The fundamental theorem of arithmetic states that for all positive integers except 1, there exists a unique prime factorization. For example, take the number 12. The prime factorization of 12 is 2^{2}·3. There is no other combination of prime factors that multiplies out to 12.
There are two things to be proved. Both parts of the proof will use the Well-ordering Principle for the set of natural numbers.

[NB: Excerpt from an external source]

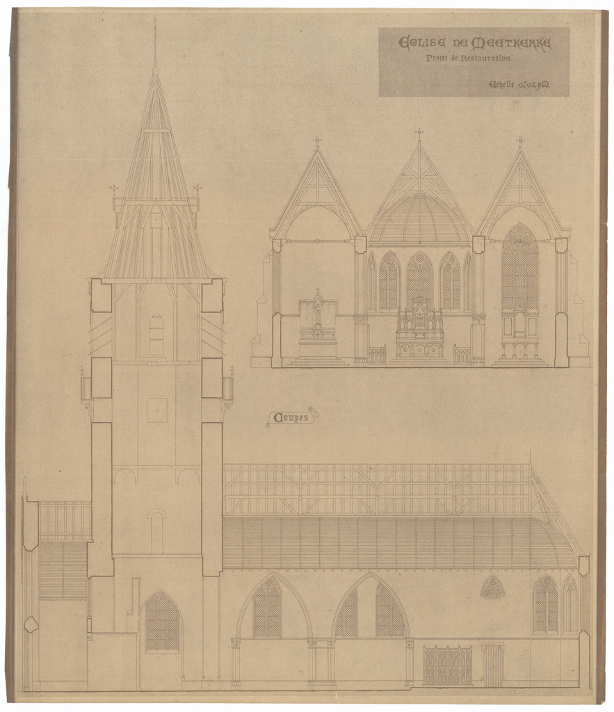 Opschrift: Eglise de Meetkerke. Projet de restauration Omschrijving plan: langsdoorsnede Datum KCML: deze informatie wordt niet vermeld op het archiefstuk Archiefnummer: W1883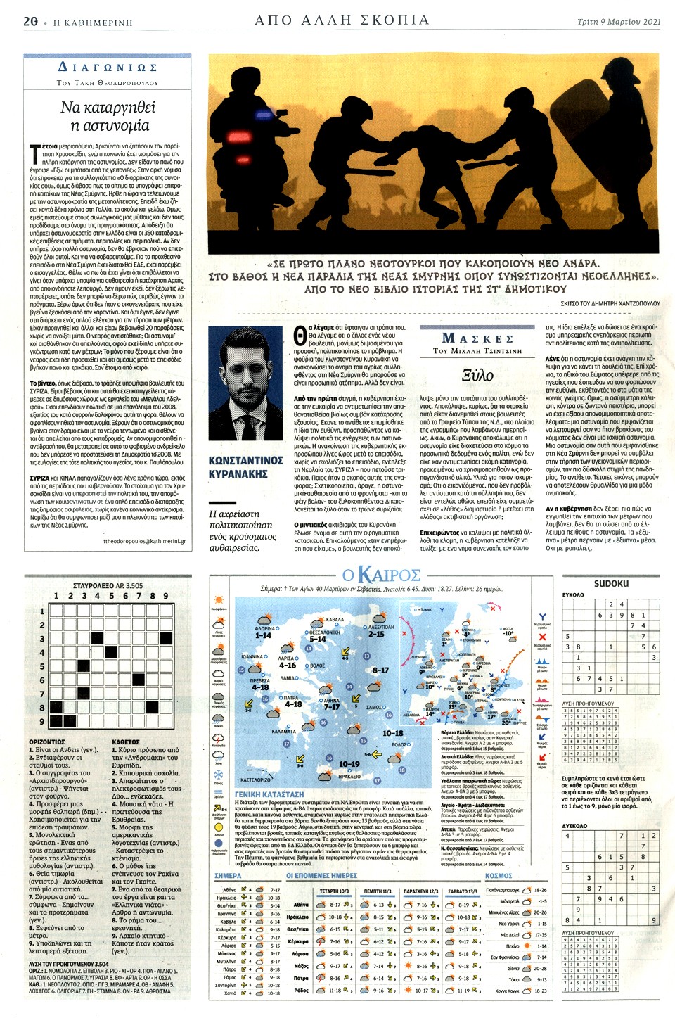 ΚΑΘΗΜΕΡΙΝΗ - 9 Μαρτίου 2021

- We first prove that every integer a > 1 can be written as a product of prime factors. (This includes the possibility of there being only one factor in case a is prime.) Suppose that there exists an integer a > 1 such that a cannot be written as a product of primes. By the Well-ordering Principle, there is a smallest such a. Then by assumption a is not prime so a = bc where 1 < b; c < a. So b and c can be written as products of prime factors (since a is the smallest positive integer than cannot be.) But since a = bc, this makes a product of prime factors, a CONTRADICTION.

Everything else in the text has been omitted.